Подъем оказался нелегким. Не столько для лошадей, похоже, вполне привычных к таким дорогам, сколько для Майи – ей было жутковато, от шатких камней под копытами захватывало дух. Она начала нервно дергать уздечку, чтобы избежать мест, которые казались ей опасными или ненадежными. Рашид услышал неравномерный стук копыт ее лошади, обернулся, подождал, пока она достигнет его высоты, поставил винтовку на предохранитель и повесил на плечо. Кивнув, он мягко, но твердо взял у нее уздечку и повел обеих лошадей дальше, продолжая подъем, вскоре уходящий направо, в темное глубокое ущелье, укрытое мягкой вуалью облаков.
Майя посмотрела назад. Вдалеке до самого моря простиралась необъятная равнина, залитая солнцем, перед ней вырастали холмы и горы, через которые они прошли, и в стороне чернел конус с обрезанным концом, похожий на потухший вулкан. Потом они погрузились в сумрак перевала Талх, безжизненного и пустого, – лошади и их всадники напоминали собой игрушечные фигурки у огромных, бесконечных каменных стен. Они могли идти несколько месяцев, дней или часов – ощутимой разницы не возникало. И Рашид уверенно вел под уздцы лошадь Майи.

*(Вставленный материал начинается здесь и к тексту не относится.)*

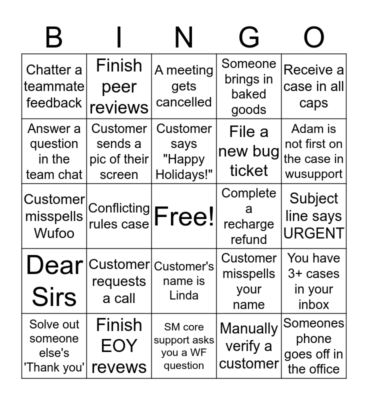 This bingo card has a free space and 24 words: Customer requests a call, Finish EOY revews, Customer says "Happy Holidays!", Solve out someone else's 'Thank you', Receive a case in all caps, Chatter a teammate feedback, Answer a question in the team chat, Finish peer reviews, Complete a recharge refund, Customer's name is Linda, File a new bug ticket, Customer misspells Wufoo, Customer misspells your name, You have 3+ cases in your inbox, Customer sends a pic of their screen, Manually verify a customer, Subject line says URGENT, A meeting gets cancelled, Adam is not first on the case in wusupport, Conflicting rules case, Someones phone goes off in the office, Dear Sirs, Someone brings in baked goods and SM core support asks you a WF question.

Внезапно бездна выплюнула их наружу, на плоскогорье. Впереди виднелась равнина, похожая на сухое серо-коричневое море с мягкими волнами. Над ним рассыпались лоснящиеся голые скалы с розоватыми, кроваво-красными и охряными вкраплениями, вперемежку с узловатыми, согнувшимися от возраста и непогоды деревьями.

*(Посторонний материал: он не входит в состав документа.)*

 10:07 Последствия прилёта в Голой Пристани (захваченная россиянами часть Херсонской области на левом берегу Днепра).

– Билад аш-Шайтан, – услышала Майя рядом шепот Рашида и испуганно на него посмотрела. – Земля дьявола.
Он одарил ее насмешливой ухмылкой, прежде чем вновь закрыть платком рот и нос. Его интонация, смесь тоски, наслаждения и почтения, искаженные губы, сияющие глаза – на долю секунды вместо лица Рашида перед ней возникло другое лицо. Ричард. Сердце Майи забилось куда быстрее копыт ее лошади, спускающейся по каменистому склону Талха…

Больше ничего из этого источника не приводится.